Let's dig into waterfall plots in plotly, and see how much we can customize this

In [1]:
import pandas as pd
import plotly.graph_objects as go

import plotly.io as pio
pio.renderers.default = "notebook_connected"

Start with the base example from the documentation:

In [2]:
fig = go.Figure(go.Waterfall(
    measure = ["relative", "relative", "total", "relative", "relative", "total"],
    x = ["Sales", "Consulting", "Net revenue", "Purchases", "Other expenses", "Profit before tax"],
    y = [60, 80, 0, -40, -20, 0],
    textposition = "outside",
    text = ["▲60", "▲80", "", "▼40", "▼20", "Total"],
    connector = {"line":{"color":"grey"}},
))

fig.update_layout(title = "Profit and loss statement 2018")

fig.show()

Let's break this down a little, starting with an even more simple example into the three most important building blocks:

  • measure: Options: 'relative', 'total', or 'absolute'
    • 'total' compute the sums
    • 'absolute' resets the computed total or use as an initial value
  • x: Since this is a horizontal bar waterfall chart, x is a list of 'strings' that represent the categories
  • y: Where the measure is relative, this needs to be a change.
  • text: The label for each bar in the waterfall chart.

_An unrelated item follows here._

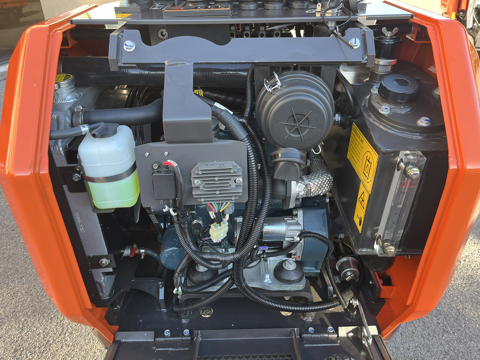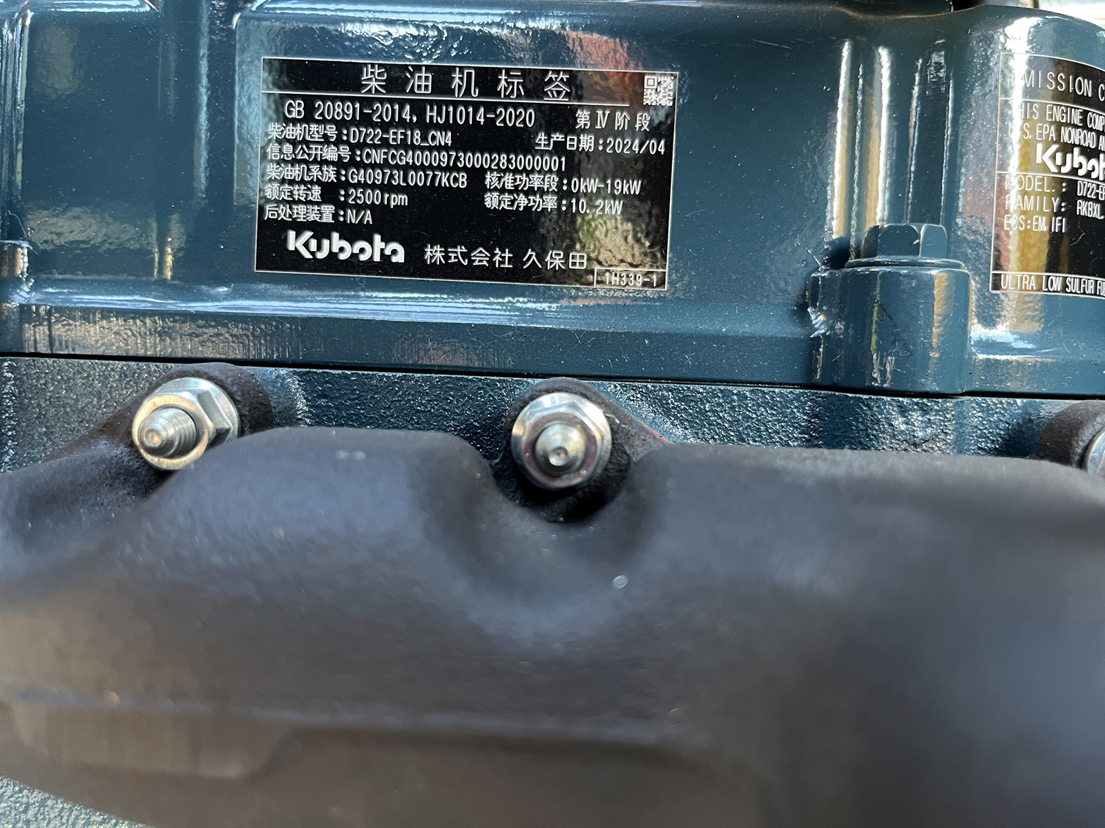 It is equipped with a Kubota D722 three-cylinder diesel engine, renowned for its robust construction, high torque at low RPM, low fuel consumption and long operating life, making it ideal for continuous use in construction, agricultural and industrial environments.

Notice the bars are automatically colored based on y values and the measure values. The measure default is relative, and having an absolute item would be just for instances in which you want to reset the aggregation or if you want to start with a number.

Here's an example of using absolute to walk from "Net revenue" to "Profit before tax":

In [3]:
fig = go.Figure(go.Waterfall(
    measure = ["absolute", "relative", "relative", "total"],
    x = ["Net revenue", "Purchases", "Other expenses", "Profit before tax"],
    y = [140, -40, -20, 0],
))

fig.update_layout(title='measure = ["absolute", "relative", "relative", "total"] <br> y=[140, -40, -20, 0]')
fig.show()

Notice that we now need to set a value for y for Net revenue because we set the measure to "absolute". If we left it at 0 or set it to "total" it would just be 0.

A Finance Example

Let's do a simple example of a year over year operating margin walk. Let's imagine we had data that was just perfectly shaped, like:

In [4]:
df = pd.DataFrame(data={"measure": ["absolute", "relative", "relative", "relative", "total"],
                  "x":["2020 OM", "Revenue", "Cost of Sales", "Spending", "2021 OM"],
                  "y" : [80, 10, -5, -20, 100],
                   "text" : ["$80M", "▲$10M", "▼$5M", "▼$20M", "$65M"]})
df
Out[4]:
measure x y text
0 absolute 2020 OM 80 $80M
1 relative Revenue 10 ▲$10M
2 relative Cost of Sales -5 ▼$5M
3 relative Spending -20 ▼$20M
4 total 2021 OM 100 $65M

Then we could construct our waterfall as follows:

In [5]:
fig = go.Figure(go.Waterfall(
    measure = df["measure"],
    x = df["x"],
    y = df["y"],
    textposition = "outside",
    text = df["text"],
    connector = {"line":{"color":"grey"}},
))

fig.update_layout(title = "2020-2021 Operating Margin")

fig.show()

The above waterfall shows how changes in revenue, costs, and spending drove a decrease in operating margin from 2020 to 2021. Reading from left to right:

  • 2020 Operating Margin (OM) was \$80M
  • Revenue increased by \$10M
  • Cost of Sales increased by \$5M compared to last year
  • Spending increased by \$20M from the previous year
  • The result of these changes is a \$65M Operating Margin for 2021.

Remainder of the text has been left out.